21.归宿
作品:《双穿书但不成为国师就会挂》 从安仁坊离开之后,白佑京便打算先带归凉找个地方落脚休息,在归凉的提议下,最终赶在街禁前来到了离安仁坊不远的怡然轩客栈。
头裹彩巾的女掌柜正被手中那堆账本扰的眼睛痛,满脸发愁地揉了揉眼,实在是半个字都看不进去了。恰在此时,白佑京和归凉拂帘而入,卷进一阵夜凉的气息,徐娘子见状干脆利落地锁了账本,热情主动地迎了上来。
见她们满脸倦色,徐娘子便吩咐伙计给她们端了点吃食,还颇为大方地使唤伙计给她们一人送了一桶热水上去,让她们有需要直接说就是。
简单洗漱之后,白佑京失力地仰躺在床上,忙了一日终于歇了下来,疲倦便如潮水般骤然将她淹没,浑身的力气似乎都被抽空。
白佑京望着棕褐古朴的天花板微微出神,不禁又想到了陆非池。
这个时候他在那里,又在干什么呢?
许是白日经历的事情实在太多,想着想着,意识便如午后春溪上飘零的残花落蕊,微微打着旋逐渐朝远处漂远。
一夜无梦。
昨夜睡得仓促,以至于屋内的窗户忘了关上。偏偏晨风清冽,顺着窗棱跌进屋内,门上悬着的垂珠细帘都被勾得微微荡漾,留下一室宁静淡然。
客栈后厨之中的锅具不知被谁不小心撞倒了,只听一阵叮叮铛铛,楼下锅碗瓢盆好似倒了一地,后厨一时间嘈杂起来,有人说话,也有人忙着收拾,诸多声音顺着顺着后院一路跃上客栈二楼的房间。

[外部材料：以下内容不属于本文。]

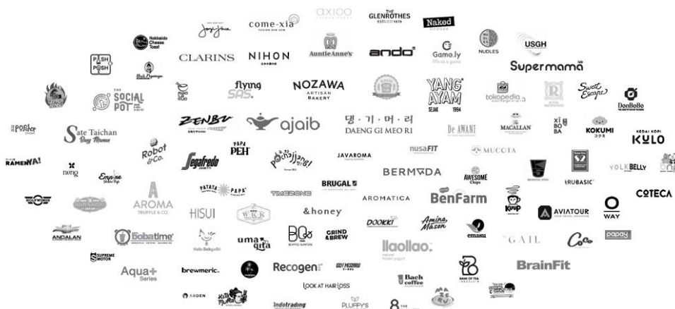
Gambar 2.2 Patners Brand PT.Idein Kreatif Indonesia

Sejak awal didirikan hingga saat ini, PT. Idein Kreatif Indonesia sudah menjalin kerja sama lebih dari 50 (lima puluh) klien dengan berbagai brand terkenal. Adapun beberapa klien tersebut memiliki nama merek dagang terkenal yang terpasang di platform media sosial seperti instagram, facebook, youtube, dan tiktok. Pada saat ini, mulai Januari tahun 2024 PT. Idein Kreatif Indonesia telah menangani 12 klien dalam sektor bidang usaha yang bervariasi. Beberapa sektor usaha yang ditangani adalah sektor fashion & Cosmetics, Home furniture, Health care & product, Food & beverage , dan lain-lain. PT Idein Kreatif Indonesia mempunyai visi untuk memberikan jawaban dan Solusi dari segala kebutuhan bisnis di bidang kreatif (Company Profile Idein, 2023).

白佑京在这微微嘈杂的声响中逐渐醒来,竟有一种不知今夕何夕的感觉。
屋内没有点灯,但从侧窗透进来的天光已经微亮,窗前那只高脚花几上摆着一只细颈瓷瓶,斜斜插着几支开的正好的紫薇。
仔细算来,白佑京其实也没睡几个时辰,但醒来后就再也睡不着。归凉的房间就在她的隔壁,也不知道她此时醒了没有。白佑京不想打扰,干脆起身简单洗漱了一番。
客栈的大门早早便拉了开来,一楼大厅摆着七八只方桌,零星坐着几位早起的客人,也有因吃独食无聊而大方拼桌的食客,此时正你来我往侃侃而谈,店小二手上两边都缠了一圈打湿了长毛巾,端着热腾腾的粥面麻溜地送到客人手中。
白佑京刚从扶梯上下来,便见归凉正端坐在门前那张长木账桌前,身旁站着的是身穿交领窄袖衫子配齐腰褶裙的掌柜徐娘子,此时正一脸惊叹地俯身看着归凉执笔勾画。
归凉神色专注,珠算利落,一开始并未注意到远处的白佑京。
等终于算完,才徐徐放下笔,定神看向一旁的徐娘子:“此处是旧管和新收,这边则是开除和实在,只需再清点一下手中实际的银钱,若是对得上,那便没问题了。”
徐娘子看着桌上那张写满娟秀墨字的宣纸,啧啧称奇,伸手接过,再看向归凉的目光已然满是赞赏,忍不住感慨道:“没想到你小小年纪,竟然还有这般算账理数的本事。”
听到徐娘子的认可,归凉不由轻浅一笑:“徐娘子谬赞,我只是曾接触过一些皮毛,徐娘子不嫌弃我班门弄斧才好。”
徐娘子笑得极有风韵:“若连你都只是略懂些皮毛,那整个玉京怕也再找不出几个真正懂行的人了。”
徐娘子越看归凉越觉得欢喜,实在不忍将她埋没,不由又偏头看向她确认问道,“你有这本事,不说仙桥府、锦绣楼那些个正店大酒楼,但去个稍好些的脚店做个账房先生还是绰绰有余的,当真决定要留在我这儿了?”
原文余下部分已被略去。